* [Available data]:
☆ ☆ ☆ ☆

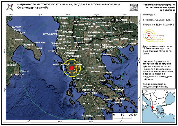 Земетресение с магнитуд от 4,2 по скалата на Рихтер е било регистрирано в обедните часове днес в района на град Янина, Северозападна Гърция, съобщи гръцката държавна телевизия ЕРТ. Епицентърът на труса е бил на 7,1 км северозападно от селището Тирия, а дълбочината на огнището се оценяв
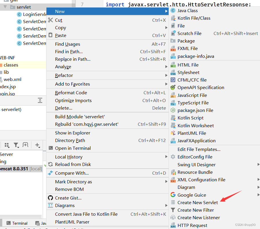 创建LoginServlet,获取浏览器的登录请求,自行判断是否登录成功,如果成功,跳转/success.jsp,如果失败,跳转会login.jsp
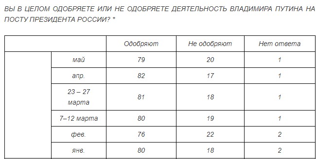 З березня спостерігається зниження показників, включаючи схвалення діяльності керівництва країни: знижуються загальні оцінки стану у країні, схвалення діяльності уряду Росії, прем'єр-міністра і президента.

☆ ☆ ☆ ☆

Retype the listing exactly. Leave out its pictures.

* [Task answer]:
 Земетресение с магнитуд от 4,2 по скалата на Рихтер е било регистрирано в обедните часове днес в района на град Янина, Северозападна Гърция, съобщи гръцката държавна телевизия ЕРТ. Епицентърът на труса е бил на 7,1 км северозападно от селището Тирия, а дълбочината на огнището се оценяв
 创建LoginServlet,获取浏览器的登录请求,自行判断是否登录成功,如果成功,跳转/success.jsp,如果失败,跳转会login.jsp
 З березня спостерігається зниження показників, включаючи схвалення діяльності керівництва країни: знижуються загальні оцінки стану у країні, схвалення діяльності уряду Росії, прем'єр-міністра і президента.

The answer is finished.